The IMF reserve position totaled around SR13 billion, but decreased by 9 percent during this period. This category represents the amount a country can draw from the IMF without conditions.
Saudi Arabia’s reserves, which include foreign exchange holdings, are among the highest in the world. According to Fitch Ratings, the Kingdom’s reserve coverage ratio, as of February, stood at 16.5 months of current external payments.
This high ratio is a testament to the Kingdom’s ability to meet its external financial obligations for an extended period, ensuring that the country remains resilient in the face of global economic uncertainties.
This also serves as a financial buffer, enabling it to navigate external pressures, such as fluctuations in oil prices, geopolitical tensions, or shifts in global market dynamics.
They also also play a key role in enhancing investor confidence in Saudi Arabia’s economy, as they signal the government’s capacity to meet its obligations and maintain economic stability.
For international investors, the combination of high reserves, a diversified economy, and strong fiscal management make Saudi Arabia an attractive destination for investment.
In addition to its fiscal strength, Saudi Arabia benefits from a high level of government and debt ratings which allow the Kingdom to access global capital markets with ease, raising funds through bond issuances and sukuk at competitive rates.
This financial flexibility ensures that the country can continue to finance its ambitious Vision 2030 projects, such as NEOM, the Red Sea Project, and the development of new urban centers, without disrupting its overall economic stability.
Saudi Arabia is undergoing a transformative expansionary strategy as part of its Vision 2030 framework, which seeks to diversify the nation’s economy away from its heavy reliance on oil revenues.
Sectors such as tourism, technology, infrastructure, and renewable energy are considered pivotal to the Kingdom’s long-term economic stability and require substantial investment to meet the Vision’s targets.

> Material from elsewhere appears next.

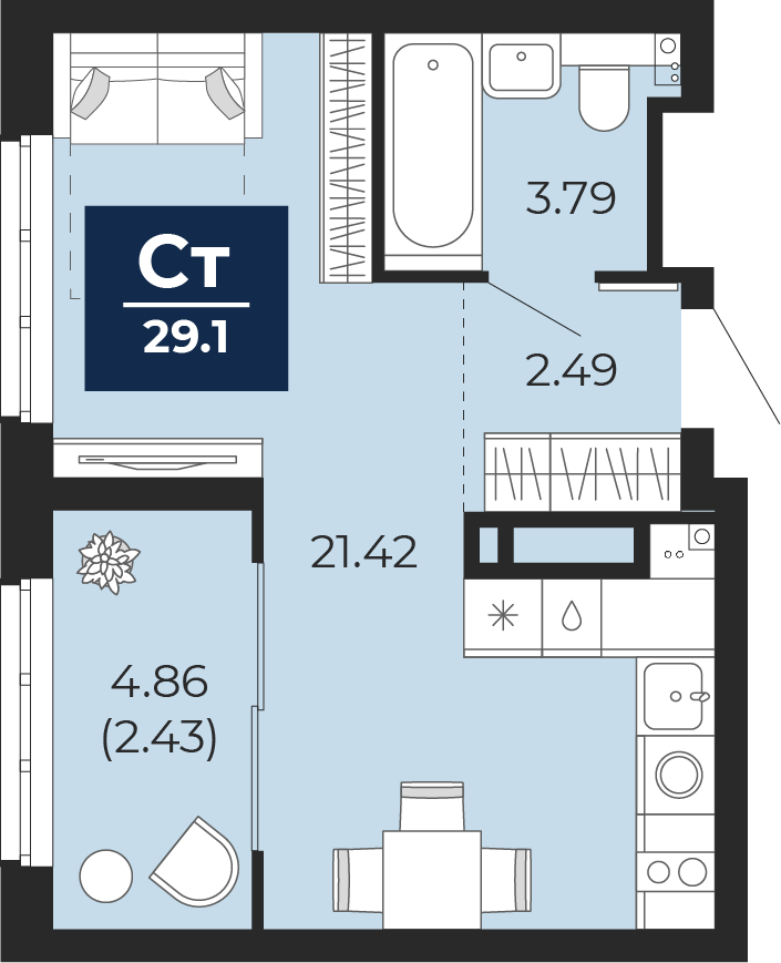 1 комнатная квартира Студия, площадью: 29,1 кв.м. №144, балконы/лоджии  4,86

As a result, government expenditures have risen significantly in recent years, and forecasts suggest the possibility of a fiscal deficit in the medium term as spending continues to expand.
Despite these spending challenges, Saudi Arabia is in a strong fiscal position. The Kingdom’s favorable government and debt ratings, combined with substantial foreign reserves, allow the country to manage the increased expenditures and potential deficits effectively.
Saudi Arabia has ample room to raise debt through various financial instruments, such as bonds and sukuk, to fund its large-scale development projects without encountering significant financial stress.
This capability has been further supported by the government’s prudent fiscal management, which continues to focus on maintaining the country’s overall economic health while ensuring that Vision 2030 projects are adequately financed.
The Ministry of Finance, in its pre-budget 2025 report, emphasized that the government intends to take advantage of favorable market conditions to implement alternative financing activities that can stimulate economic growth.
The strategy behind this approach is not only to provide the necessary funding for key projects but also to diversify the Kingdom’s financing channels.
By doing so, the government aims to maintain market efficiency, deepen its financial markets, and attract new investors, both domestically and internationally.
Moreover, the government’s fiscal policy is designed to strengthen its financial position by maintaining safe levels of reserves, which are essential for protecting the economy against external shocks.